Blagojevich was convicted in 2010 in Chicago federal court on one of the 24 felony charges he faced — lying to the FBI — as jurors deadlocked on the other charges. During a 2011 retrial, he was convicted on corruption charges stemming from attempted shakedowns involving Obama's former seat, a racetrack and a children's hospital. He accepted responsibility for his actions at his sentencing hearing and received a lighter sentence than the 15-20 years prosecutors had sought.

Blagojevich has filed appeals of his conviction and had some charges vacated. He has served about half of his sentence so far. The former governor has maintained that his conviction was unfair and his wife, Patti Blagojevich, has made multiple appearances on Fox News to plead for Trump's help.
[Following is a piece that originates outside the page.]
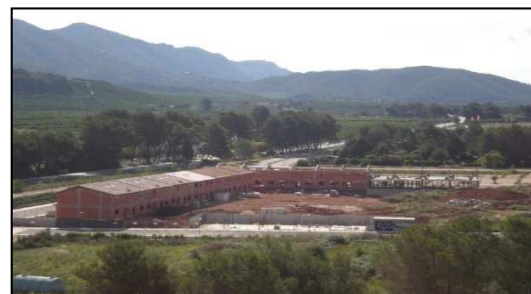
Vistas de los nuevos desarrollos que se están produciendo alrededor de la antigua estación y

Trump has expressed openness to commuting the rest of Blagojevich's sentence, which he has said for years was unfair. Blagojevich was a contestant on Trump's reality show "The Celebrity Apprentice" in 2010. Trump said last year that the White House was "continuing the review" of whether to commute his sentence. The president also called one of Patti Blagojevich's 2018 Fox News interviews "required television watching."

"I am thinking about commuting his sentence," Trump told reporters aboard Air Force One in August. "He’s been in jail for seven years, over a phone call where nothing happens. But over a phone — where nothing happened. Over a phone call where — which, you know, he shouldn’t have said what he said, but it was braggadocio, you would say."